"Susan King put Canadian paediatric HIV research on the map."
Dr Ron Gold

 

Professor Susan King lectured at the University of Toronto in the Department of Paediatrics of the Hospital for Sick Children.  Her work centred on a combination of patient care, research, and teaching in hospital, university, and community settings.  She gained recognition for her research among children that showed that HIV infection was possible through blood transfusion.  As a result, the HIV testing of all recipients of blood transfusions was initiated in Canada.

Susan Margaret King was born on 5th April, 1954 in Edinburgh, Scotland where her father, a St. Lucian surgeon, was studying.  She recieved her primary and secondary schooling in several Caribbean islands.  At the age of 16, she was awarded a St. Lucia Island Scholarship and proceeded to the University of Oxford, England.

After completing bachelor's and master's degrees in chemistry at Oxford, she earned a medical degree from McGill University in Canada in 1979.  Subsequently, she specialised in paediatrics at the University of Toronto, and became a Fellow of the Royal College of Physicians and Surgeons of Canada in 1985.  She then joined the Hospital for Sick Children and the Faculty of Medicine of the University of Toronto, and completed another master's degree in epidemiology and biostatistics at Mc Master University in 1989.

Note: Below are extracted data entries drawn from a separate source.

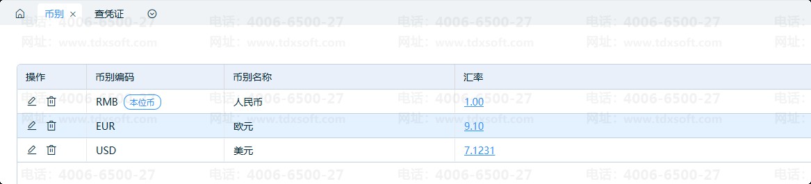 系统启用成功后,可依据业务实际情况新增其他币别及对应汇率。
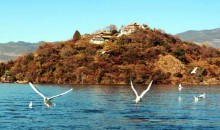 上午: 前往碼頭乘坐【摩梭豬槽船】登【里務(wù)比島】參觀【里務(wù)比寺】、【土司墓】,瀘沽湖水清澈透眼,四周風(fēng)景如詩如畫,秀麗迷人,神奇的湖水隨天空色彩變化而出現(xiàn)或金紅、或蔚藍(lán)、或灰白的變化,神秘莫測,欣賞高原珍稀植物波葉海菜花、感悟“摩梭三絕”;
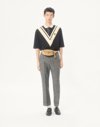 VALENTINO COTTON POLO WITH INLAID V AND EMBROIDERED PANTHER PATCH
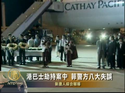 【新唐人2010年8月26日訊】隨著香港巴士劫持案細節的逐漸曝光,星期三(8月25號),媒體總結了菲律賓警方在案件處理中的八大失誤,稱菲警方最後耗時79分鐘的突擊救援是“世界最長的營救突擊”。這場星期一(8月23號)發生的血腥之災,導致8名香港人死亡,7人受傷,其中2人重傷。
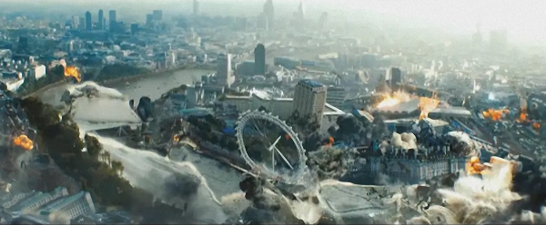 看着人类辛苦创造出来的城市文明被毁灭,这是外星人入侵、世界末日这一类灾难性科幻电影的独特魅力。不得不承认,欣赏毁灭,这件事是有相当强烈的快感的。过去这二十年,CG特效的成熟,让好莱坞的科幻电影为我们提供了一次又一次这样的快感。当年在《独立日》里面,白宫被外星飞船给轰成碎片,这一幕在当时可以说是震撼之极。打这以后的好莱坞电影可以说是一发不可收拾,基本上每逢大片,都要毁灭个把美国的地标建筑。国会大厦、白宫这些自不必说,最惨的非那座金门大桥莫属,在电影里被毁灭了一次又一次。
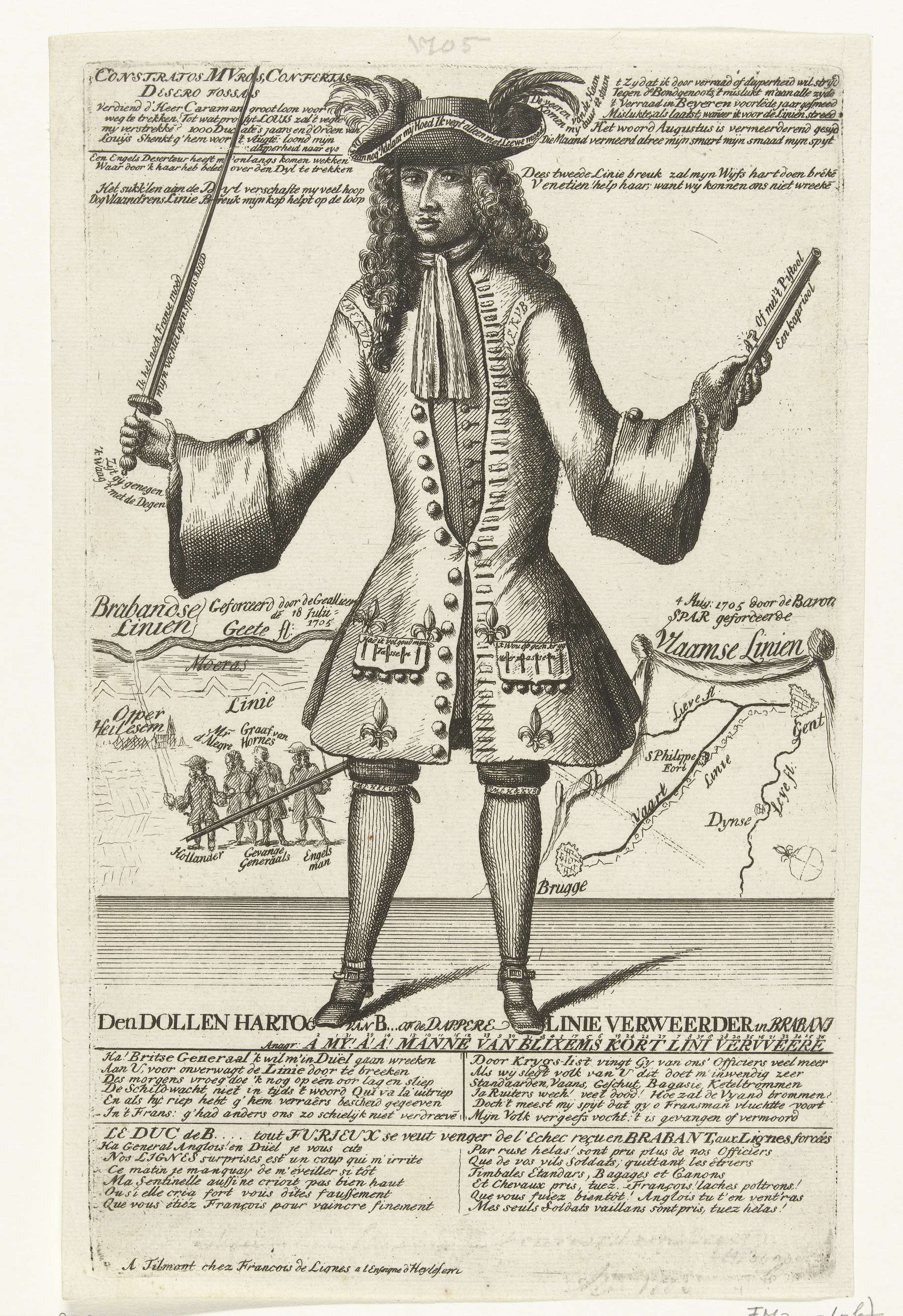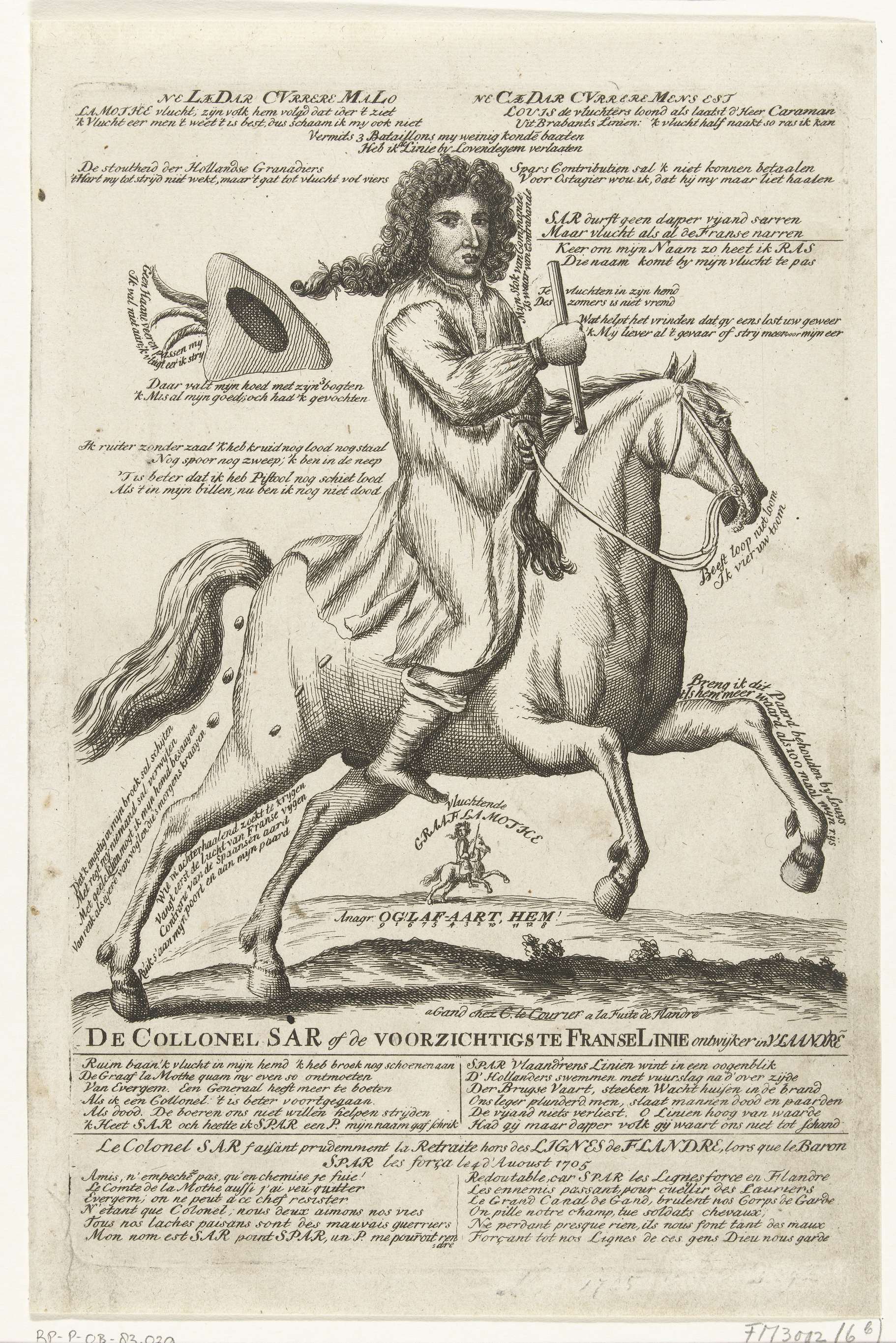 Spotprent op de vluchtende kolonel Sar, 1705

She was a founding member, in 1988, of the ID-2 team of the Infectious Diseases Division of the hospital, which introduced more sensitive, holistic care to children with HIV/AIDS.  In the era before effective drugs for treating HIV/AIDS, these children would have had little relief from their illness.

In 2000, Dr King was awarded a Fulbright Fellowship and started work at the Centers for Disease Control and Prevention in Atlanta, Georgia, where she researched ways to reduce mother-to-infant transmission of HIV.  Three years later, she was appointed Professor of Paediatrics at the University of Toronto and the Hospital for Sick Children.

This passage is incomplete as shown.